Harden multilingual decoder verification and restore follow-up test coverage#82

Merged
HuYaSen merged 17 commits into
mainfrom
dev/decoder-multilang-pipeline-fix2
Jun 26, 2026
Merged

Harden multilingual decoder verification and restore follow-up test coverage#82
HuYaSen merged 17 commits into
mainfrom
dev/decoder-multilang-pipeline-fix2

Conversation

@QingtaoLi1

Copy link
Copy Markdown
Contributor

Summary

Follow-up to #67. This PR hardens the multilingual decoder/codegen pipeline by tightening interface completeness checks, generated-artifact hygiene, C/C++ verification semantics, and planner prompt safety. It also restores the extracted multilingual regression tests that were moved out of the original #67 branch for a follow-up PR.

What changed

Decoder and verification hardening

  • Build C/C++ CMake targets before running ctest, so verification does not falsely pass or fail because test executables were never built.
  • Treat C/C++ make test targets that only compile objects, without actually running tests, as verification errors instead of successful test runs.
  • Skip generated/build/cache directories when collecting C/C++ source files for syntax and verification commands.
  • Improve C/C++ prompt rules to:
    • avoid editing build/cache/generated artifacts,
    • use full CMake build + CTest commands,
    • avoid relying on undeclared/transitively included helper functions,
    • report explicit syntax-check summaries.

Generated artifact hygiene

  • Add a shared generated-artifact classifier and prompt rule helper.
  • Install local .git/info/exclude hygiene rules during batch startup.
  • Reject persisted generated artifacts before post-verify and after verification runs.
  • Prevent batch branches containing generated artifacts from being merged.

Interface and planner robustness

  • Deduplicate repeated whole-file file_code blocks in interfaces.json before serialization and before planner prompt construction.
  • Add interface coverage validation so plan_tasks fails fast when interfaces.json does not cover all skeleton features.
  • Improve Python dependency collection for same-file calls and self.method() invocations.
  • Save in-progress interface generation to interfaces.json.partial and only overwrite the canonical interfaces.json after successful completion.
  • Allow interface review additions to scaffold missing file entries under existing feature subtrees.

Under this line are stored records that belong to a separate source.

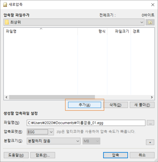 압축할 원본 파일을 추가하기 위해 <추가>를 누릅니다.
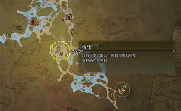 2、接着我们导航到绯红森林的6号区域的毒菇。
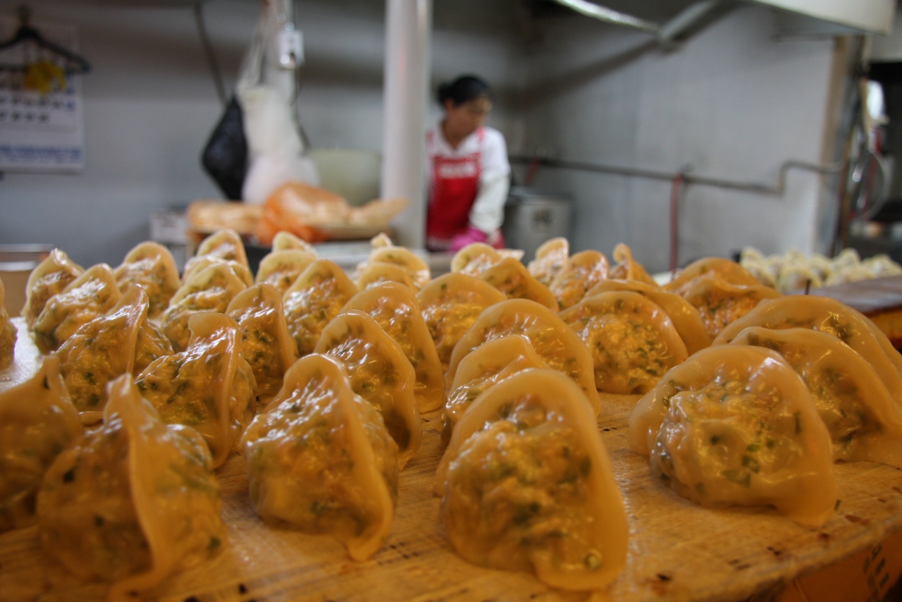 入口には手作りされた餃子がずらーっと並び、チヂミを焼いているいいにおいが・・・

Parser and language detection fixes

  • Classify header-heavy mixed C/C++ repositories as C++ when C and C++ votes appear together.
  • Harden fallback string-literal stripping against catastrophic regex backtracking on unterminated escaped strings.

Final validation behavior

  • Propagate smoke-test failures into the final validation result instead of allowing a successful unit-test result to mask a failed smoke check.
  • Clarify that plan --check-only warning states are not complete/done states and should not allow downstream stages to proceed.

Test coverage

This PR adds extensive regression coverage for the multilingual pipeline, including:

  • generated artifact hygiene,
  • interface source deduplication,
  • skeleton/interface coverage validation,
  • multilingual dependency graph behavior,
  • multilingual encoder/codegen behavior,
  • planner language support and prompt deduplication,
  • C/C++/Go/Rust/TypeScript/JavaScript/Python parser behavior,
  • decoder language backends and planning phases,
  • zero-test guard behavior,
  • final test repair,
  • repo language resolution,
  • orphan/test/build exclusion handling,
  • smoke multilingual coverage.

The diff adds 33 new test files and restores the extracted multilingual tests intended for this follow-up PR.

Notes for reviewers

  • This branch was rebased on top of the squash-merged feat: multi-language support for the encoder and decoder pipelines #67 commit, so the PR diff should now represent only the follow-up hardening and restored tests.
  • run_batch / post_verify now update .git/info/exclude with local generated-artifact exclusions. This is intentionally local-only and non-destructive.
  • plan_tasks now fails on incomplete interface coverage instead of silently planning from stale or partial interfaces.
  • C/C++ projects whose make test target only compiles objects but does not execute tests will now be rejected as invalid verification results.

Testing

Not run as part of this PR-description preparation.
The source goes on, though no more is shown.